In an attempt to elucidate a biological function for RflaF_05439, structural homology searches of the RCSB Protein Data Bank queried with the structure of the second module of the tandem repeat were performed using the DALI search engine [25]. Notable similarity was observed to a putative “xylanase” from Bacteriodes fragilis (PDB entry 2P1G, Z score of 7.8, unpublished) and to a putative endopeptidase from Anabaena variabilis (PDB entry 2HBW, Z score of 7.5, [26]) that belong to the NlpC/P60 superfamily.

NlpC/P60 is an example of a superfamily with members sharing structural similarities that cannot be detected at the sequence level [27]. The NlpC/P60 superfamily of peptidases is characterized by a conserved catalytic triad, which contains cysteine, histidine and a polar residue (i.e., glutamine, aspargine, histidine, glutamate or aspartate) within a catalytic core. Beyond the catalytic core, the structures are highly divergent.

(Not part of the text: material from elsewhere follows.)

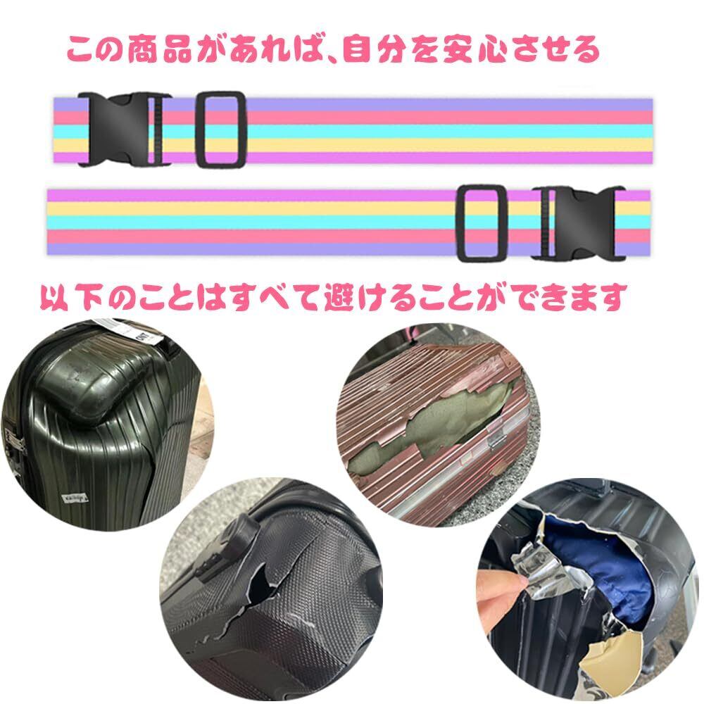 YAARUJEE スーツケースベルト 荷締めベルト 荷締バンド 多用途 固定 長さ1.8m 幅5cm 2本セット 虹色 旅行便利グッズ 調整可能 軽量 荷物用弾力固定 ずり落ち防止
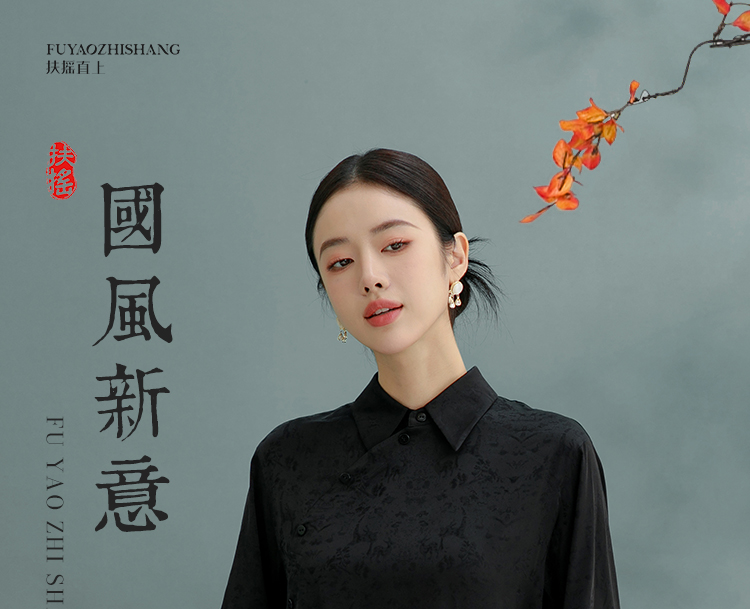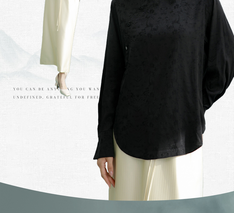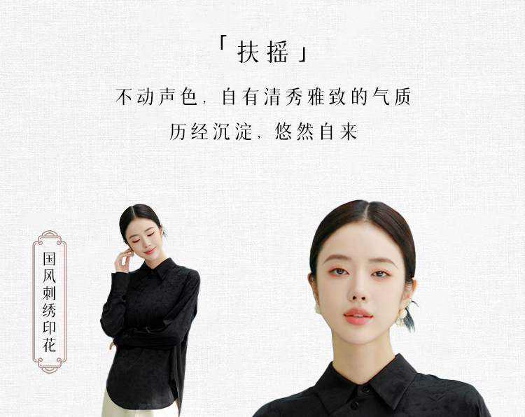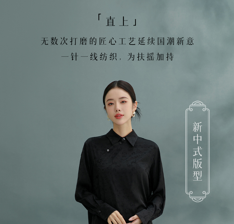 国风提花黑色衬衫女2026春季新款百搭新中式高级感上衣

Identification of the second module of the tandem repeat as a candidate member of the NlpC/P60 superfamily according to its 3D structure facilitated further analysis of sequence homology. Interestingly, we found and sequenced a homologous RflaF_05439 gene from the closely related R. flavefaciens strain 17. It should be noted that although the two strains (FD-1 and 17) belong to the same species, their cellulosomal organization is, in some of their respective components, dissimilar [10], [28]. The homologous gene shows a similar organization of two repeated modules separated by a linker sequence and a C–terminal XDoc. RflaF_05439 of R. flavefaciens FD-1, and its homolog of strain 17 shares overall sequence similarity of 39%, with increased similarity of 71% between the respective second NlpC/P60 repeats.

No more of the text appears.